Nel corso del XX secolo gli studi meritori per importanza, vastità e lungimiranza dell’archeologo Giovanni Lilliu, uniti allo scavo sistematico e scientifico della cosiddetta reggia nuragica di Barumini, hanno definitivamente indirizzato gli studi e le tendenze di quasi tutti gli specialisti verso una visione del nuraghe come casa fortezza del princeps. 
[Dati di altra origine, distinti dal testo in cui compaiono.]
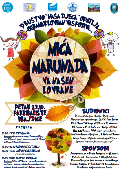 U organizaciji Društva „Naša djeca“ Opatija – ogranak Lovran, 23. listopada, od 13 do 18 sati, održat će se tradicionalna dječja manifestacija Mića marunada koja će se odvijati na parkiralištu Brajdica u Lovranu. DND Opatija – ogranak Lovran i ove je godine ponudilo bogat program iz područja dječjeg stvaralaštva koji…...
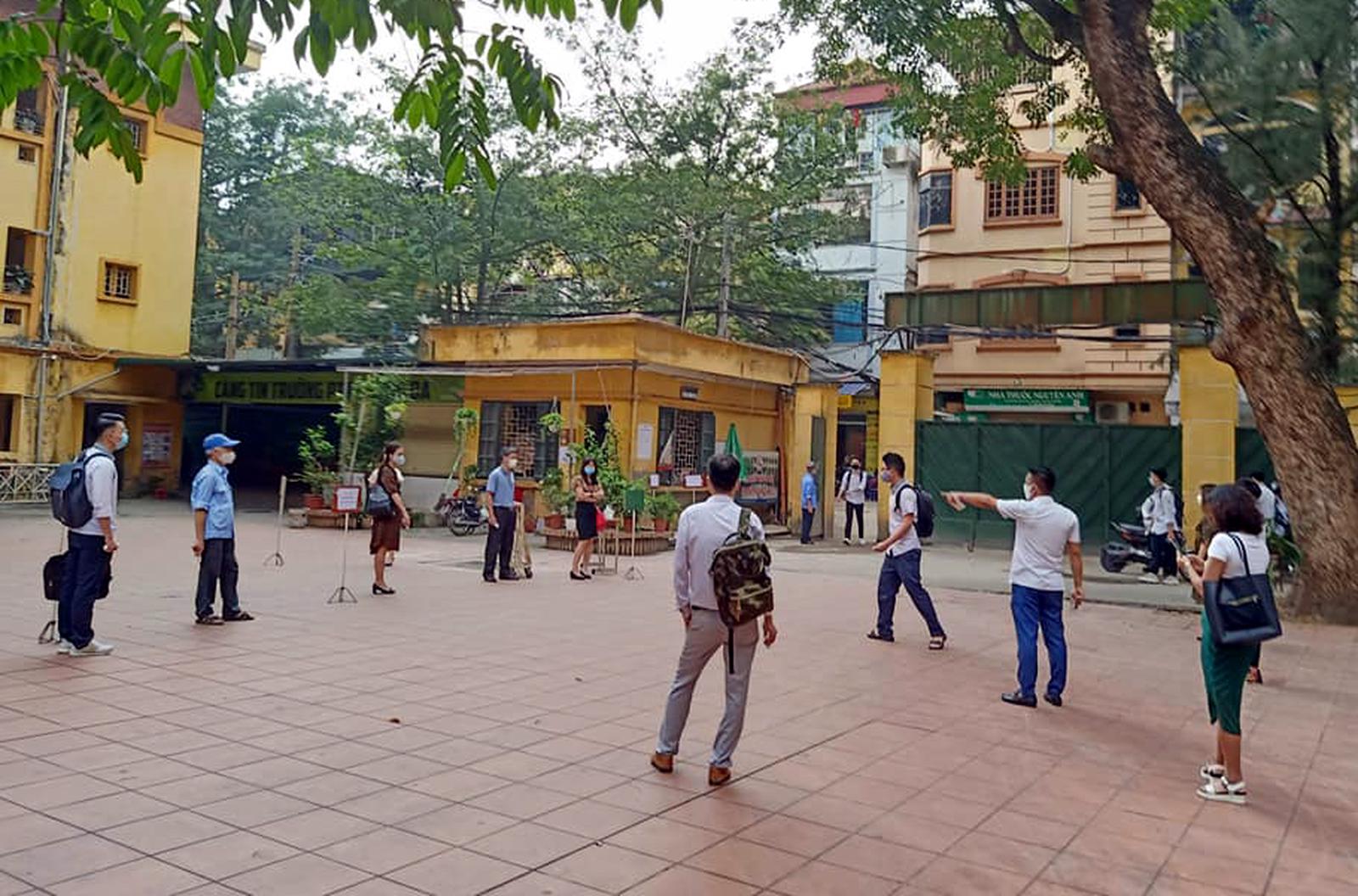 Trường THPT Đống Đa thực hiện chia luồng di chuyển bảo đảm giữ khoảng cách theo đúng quy định phòng, chống dịch Covid-19. Ảnh: LP

Da quel momento in poi la stragrande maggioranza di studiosi ed esperti non ha fatto altro che avvallare pedissequamente le teorie proposte dal Lilliu: in taluni casi compiendo ricerche archeologiche sul campo in maniera acritica e fondando le proprie conclusioni sulle teorie sviluppate dallo stesso Lilliu e da altri ricercatori, ma mai ponendosi realmente il problema se tutti questi edifici potessero avere solo e soltanto carattere militare e/o civile. 

Tale problematica invece venne sollevata da uno dei più autorevoli linguisti sardi, Massimo Pittau, il quale nel suo fortunato libro La Sardegna nuragica, pubblicato nel lontano 1977 e riedito recentemente (2006), pur non avvalendosi degli strumenti dell’archeologo, ma con l’ausilio della sua disciplina, del ragionamento, e soprattutto dei resoconti di scavo di importanti archeologi degli inizi del XX secolo, avanzò nuove e brillanti ipotesi sull’uso delle nicchie, sul sincretismo religioso tra i nuraghi e i toponimi moderni a essi riferiti, frequentemente ribattezzati con il nome di un santo, o ancora l’evidente uso cultuale di alcune favisse come già sottolineato dal Levi o dallo stesso Taramelli, ma troppo presto dimenticati e sottovalutati dagli studiosi successivi. Se la visione che ci ha fornito il Lilliu della civiltà nuragica può essere giustificata dal fatto che le sue teorie nascono in un periodo in cui ancora erano stati effettuati pochi scavi scientifici sui nuraghi, nei santuari e nei villaggi e quindi i dati disponibili per poter avere un quadro d’insieme della situazione erano scarsi, meno giustificabili appaiono le conclusioni cui sono giunti gli studiosi successivi. E non mi riferisco solo agli archeologi, che tranne in pochi illuminati casi hanno cercato di affrancarsi dalle posizioni del Lilliu, divenute nel frattempo sbrigative e di comodo per quanti non volevano o non riuscivano a orientare la loro ricerca verso altri dati emersi dagli scavi archeologici, sforzandosi di comprendere i segreti di queste costruzioni ciclopiche, non per forza correlate, a mio modo di vedere, a un uso militare. 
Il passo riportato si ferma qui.